When saving thousands or millions of files to a harddisk or external storage device like the NetApp, this needs to be done in a structured way or accessing the files will eventually become very slow because directory listings will get large and take long to process. In our experience there is a limit of 10,000 entries per folder that should not be exceeded to prevent this performance degradation. Thus our depositories (media sets) contain a subdirectory structure to prevent the excess of this limit. While the subdirectory structure solves this problem, it uses several times more filesystem units or inodes (in case of linux based devices like the NetApp) than the files alone would. When saving millions of files into the same media set and with inappropriate settings, this might cause the filesystem to run out of units / inodes although there is still free space available. This and the following information needs to be taken into account when creating and configuring the depositories.
- In yuuvis on-premises all media sets are treated equally. The following points apply to WORK, CACHE and ARCHIVE media sets alike.
- The subdirectory structure is configurable in the number of layers and the character length of the directory-names on each layer. By default this is set to 4 layers of directories where each directory has 3 (hexadecimal) characters as its name. So for example, when saving the file example.pdf it will be put in the location: ...\WORK\jas\0BC\A65\734\C79\example.pdf
If you would reconfigure this to 3 layers of 2 characeters, it would look like this: ...\WORK\jas\0B\CA\65\example.pdf - The hexadecimal characters used for the subdirectory names are taken from the 32 characters long GUID that the dms-service assignes to the content-file (from left to right). So when saving the file example.pdf, first of all a GUID is genereated and assigned (in the example it is 0BCA65734C7947DF905BDACB4B4AC782) and then the content-file is put into the subdirectories corresponding to this value. This also implies that the sum of all character lengths must be less than or equal to 32.
- Since we have the limit of 10,000 entries per folder, the character length of the foldernames should not exceed 3 characters. This is because with 3 characters we have a maximum of 4096 possible folders per layer (16 possibilities per character, to the power of 3 yields 16*16*16 = 4096). If 4 characters are taken this value increases to 16^4= 65,536 which is already far beyond 10,000.
- The content-file is not just put directly under the last of the structural subdirectories but has a container-folder named by the entire GUID. This contains more files and folders for technical reasons, so that the actual structure look like this:
"...\WORK\jas\0BC\A65\734\C79\0BCA65734C7947DF905BDACB4B4AC782\D-1_1\DATAFILES\example.pdf" +
"...\WORK\jas\0BC\A65\734\C79\0BCA65734C7947DF905BDACB4B4AC782\D-1_1\ok" - Using this default configuration means that for each content-file you will have another 7 directories (4 structural, 1 container, 2 technical) and 1 more file (technical "ok" file).

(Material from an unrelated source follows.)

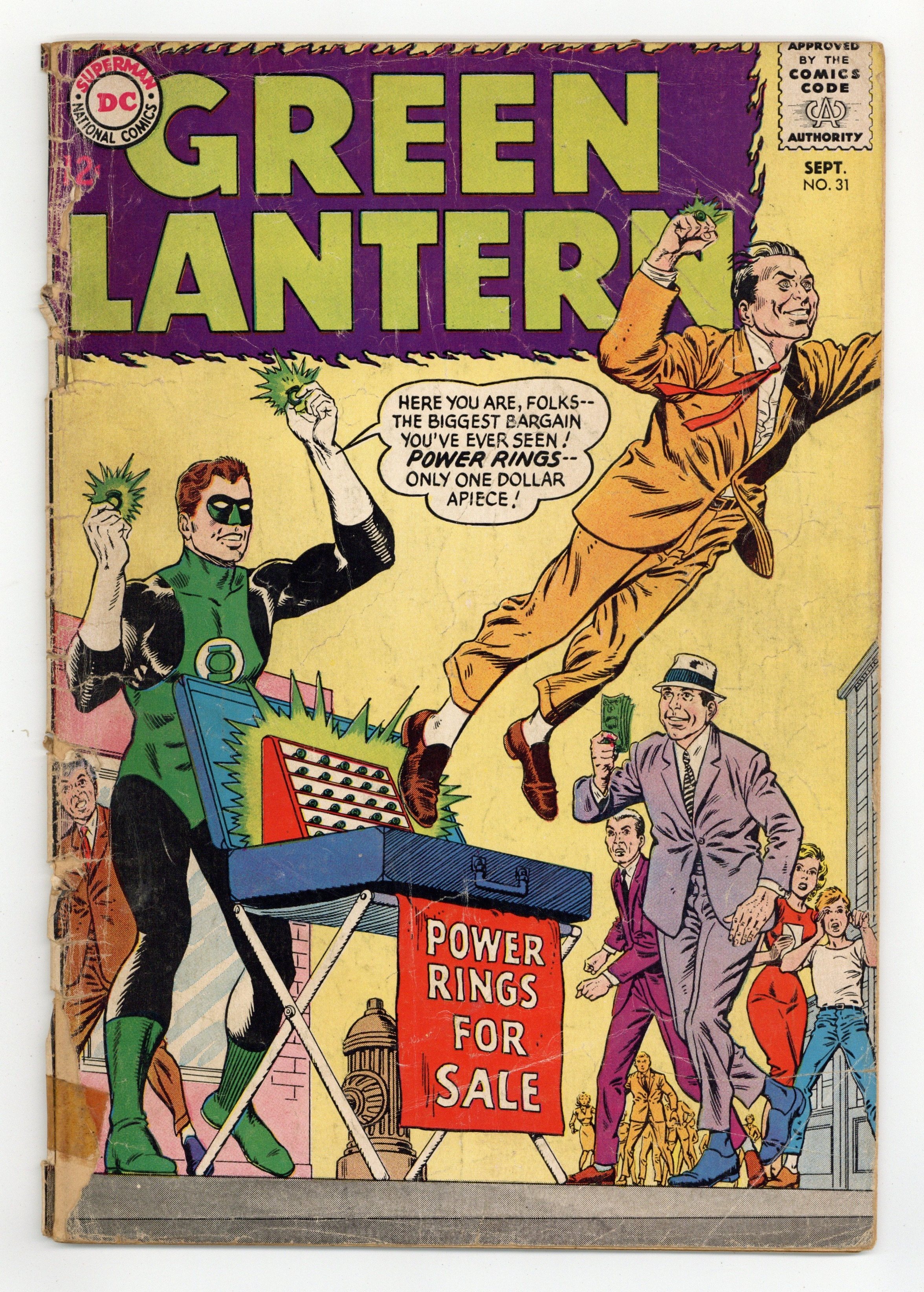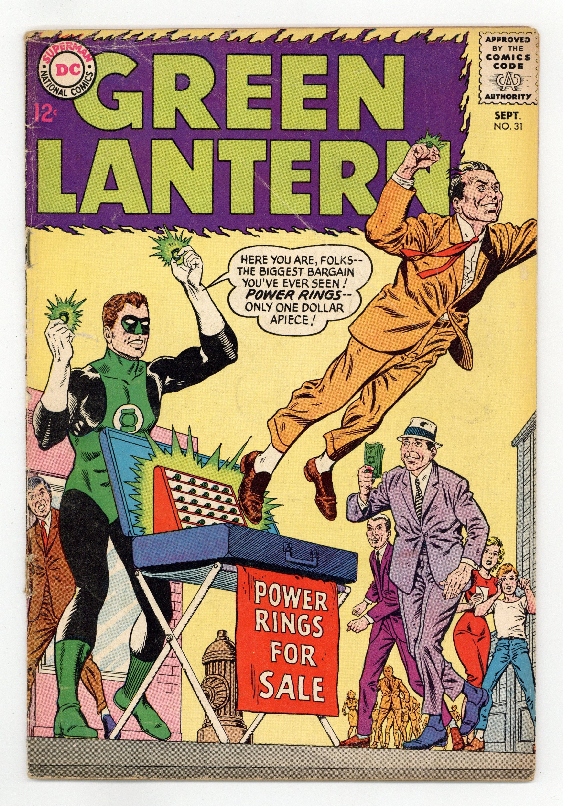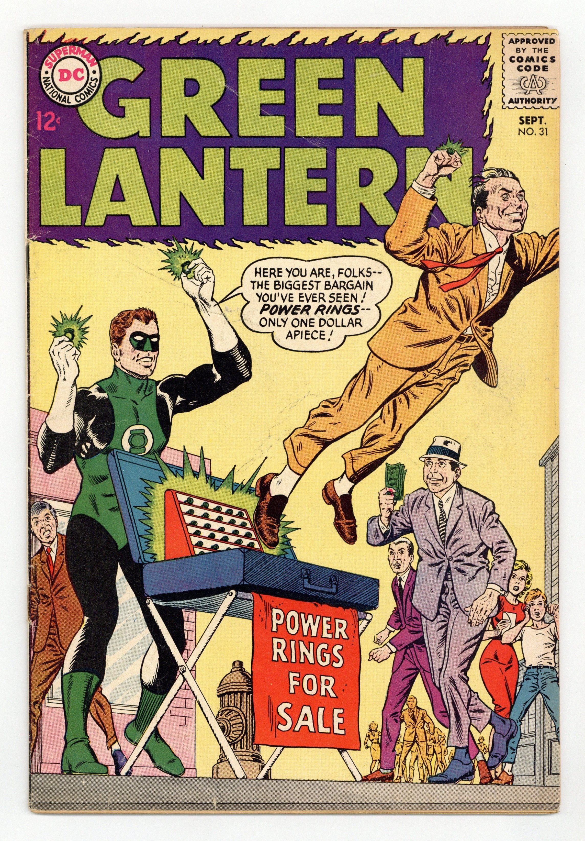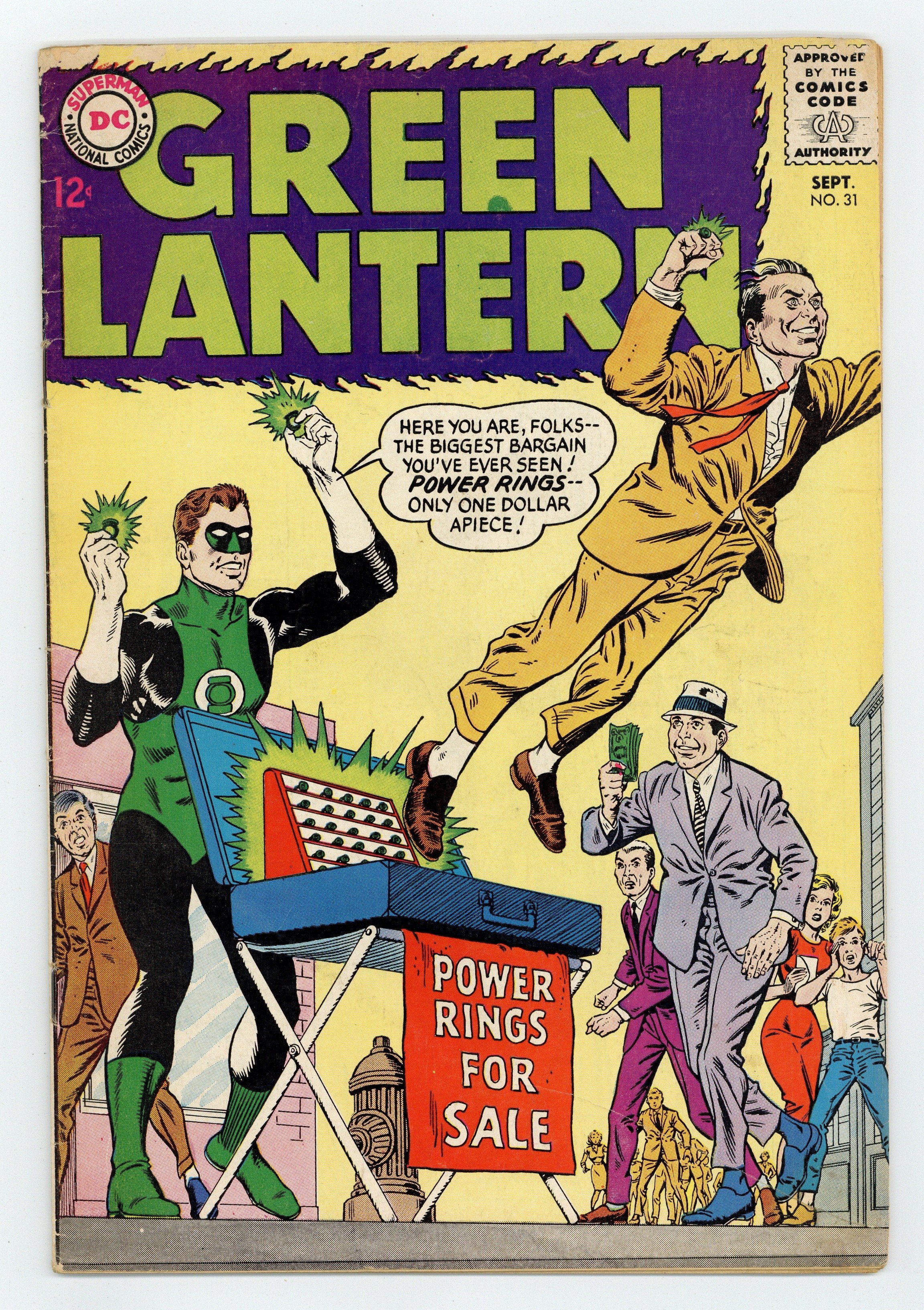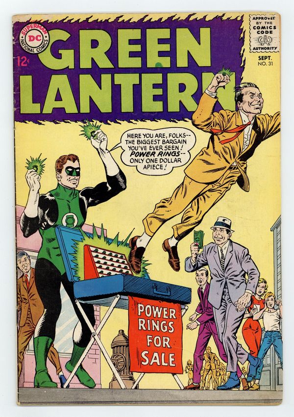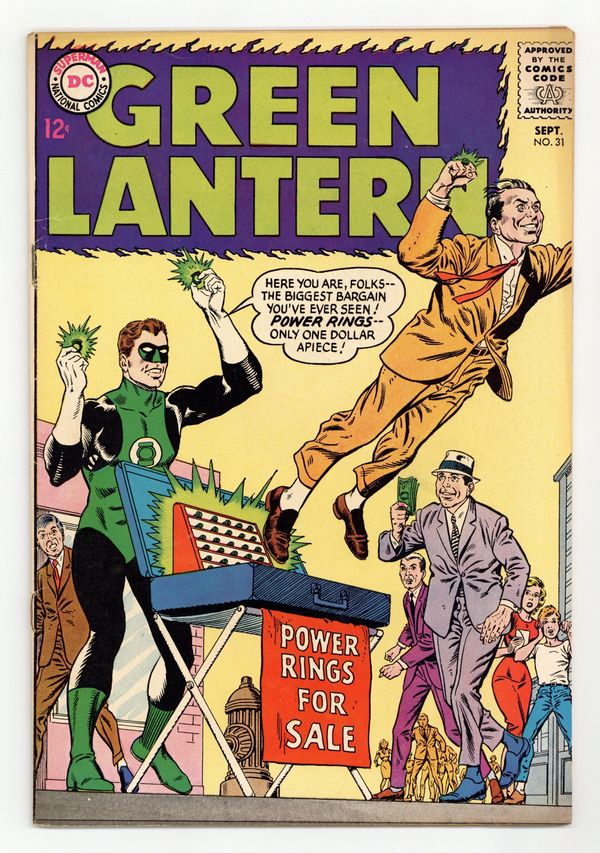 Cover pencils by Gil Kane, inks by Murphy Anderson. Power Rings For Sale, script by John Broome, pencils by Gil Kane, inks by Sid Greene; Green Lantern sells power rings on the street, as a back-up plan against the Grolls. Pay Up--or Blow Up, script by John Broome, pencils by Gil Kane, inks by Sid Greene; After defeating an evil scientist, Jim and Sue get married. 36 pgs. $0.12. Cover price $0.12.

This ratio will only get "better" once there are more container-folders than leaf-directories (i.e. structural folders on the last layer). With 4 layers of 3-character subdirectories the number of possible leaf-directories is (16^3)^4 = 281,474,976,710,656. Since the GUID-function spreads very good, the possibility of having two container-folders ending up in the same leaf-directory is very low. Thus you need to calculate with 8 additional filesystem units / inodes per content-file. - Also take into account that the content-files might be edited within its yuuvis lifetime and, because of the versioning, the files in the depositories are not replaced but another version is saved. Thus you will have to calculate with the maximum number of files times 9 and multiply this with the average number of versions that each file will (expectedly) have in order to determine your maximum needed number of filesystem units / inodes.

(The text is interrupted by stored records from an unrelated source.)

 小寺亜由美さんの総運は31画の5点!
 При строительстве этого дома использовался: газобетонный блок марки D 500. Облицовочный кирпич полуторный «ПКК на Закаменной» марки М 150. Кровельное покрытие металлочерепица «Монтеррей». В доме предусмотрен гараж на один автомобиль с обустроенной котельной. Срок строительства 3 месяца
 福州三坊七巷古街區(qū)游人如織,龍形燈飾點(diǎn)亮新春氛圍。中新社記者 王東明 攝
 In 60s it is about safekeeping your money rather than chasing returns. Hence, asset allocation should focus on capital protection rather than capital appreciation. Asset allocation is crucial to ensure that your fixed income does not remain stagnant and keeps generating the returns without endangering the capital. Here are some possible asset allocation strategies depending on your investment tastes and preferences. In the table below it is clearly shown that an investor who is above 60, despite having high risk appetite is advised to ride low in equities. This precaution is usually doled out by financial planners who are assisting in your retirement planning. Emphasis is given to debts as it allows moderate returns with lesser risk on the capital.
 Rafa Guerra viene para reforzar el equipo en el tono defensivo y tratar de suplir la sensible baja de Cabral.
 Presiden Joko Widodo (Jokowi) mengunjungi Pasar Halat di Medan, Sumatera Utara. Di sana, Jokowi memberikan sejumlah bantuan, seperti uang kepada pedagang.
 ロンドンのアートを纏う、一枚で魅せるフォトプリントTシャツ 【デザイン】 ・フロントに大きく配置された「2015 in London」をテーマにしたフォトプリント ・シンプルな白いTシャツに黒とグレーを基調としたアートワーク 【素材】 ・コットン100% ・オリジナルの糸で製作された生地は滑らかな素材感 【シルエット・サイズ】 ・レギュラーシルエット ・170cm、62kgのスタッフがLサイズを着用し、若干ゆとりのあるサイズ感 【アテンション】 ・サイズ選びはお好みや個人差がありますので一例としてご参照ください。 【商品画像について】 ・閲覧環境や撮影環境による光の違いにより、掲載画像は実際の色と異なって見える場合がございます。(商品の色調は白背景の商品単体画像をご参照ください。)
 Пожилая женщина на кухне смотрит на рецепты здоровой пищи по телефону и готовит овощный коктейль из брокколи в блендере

- You can decrease this number significantly by the follwoing two ways:
- Compress the container-folder to a single .zip file. This will replace the container-folder and all of its contents with a <GUID>.zip file. Thus taking 5 of the 8 additional units/indoes away.
To do this, check the "compress" checkbox of the media set settings (turn details on). - Reduce the number of layers of the structural folders. Each removed layer will reduce the number of additionally needed units/inodes by 1.
To do this, define a custom "template for subdirectories" value in the media set settings. The syntax is "<number of characeters for layer 1 subdirectories>,<number of characeters for layer 2 subdirectories>,<number of characeters for layer 3 subdirectories>" and so on. The default value is "3,3,3,3" meaning 4 layers with 3 characters each.
Keep in mind that each removed layer will reduce the number of leaf-directories and thus the number of content-files before exceeding 10,000 entries per folder. As an example: Having 2 layers of 3 characters yields to ~16 mio. leaf-directories which means that after ~16 mio * 10,000 = ~160 billion content-files you will exceed this limit. With 1 layer of 3 characters this will be 4096 leaf-directories and after ~41 mio content-files the limit is exceeded.
- Compress the container-folder to a single .zip file. This will replace the container-folder and all of its contents with a <GUID>.zip file. Thus taking 5 of the 8 additional units/indoes away.
For NetApp Users: The number of available inodes can be re-configured even if the volume is already created and used but this leads to less available storage space than when configuring it during creation time. So if you can, try to avoid re-configuration during runtime.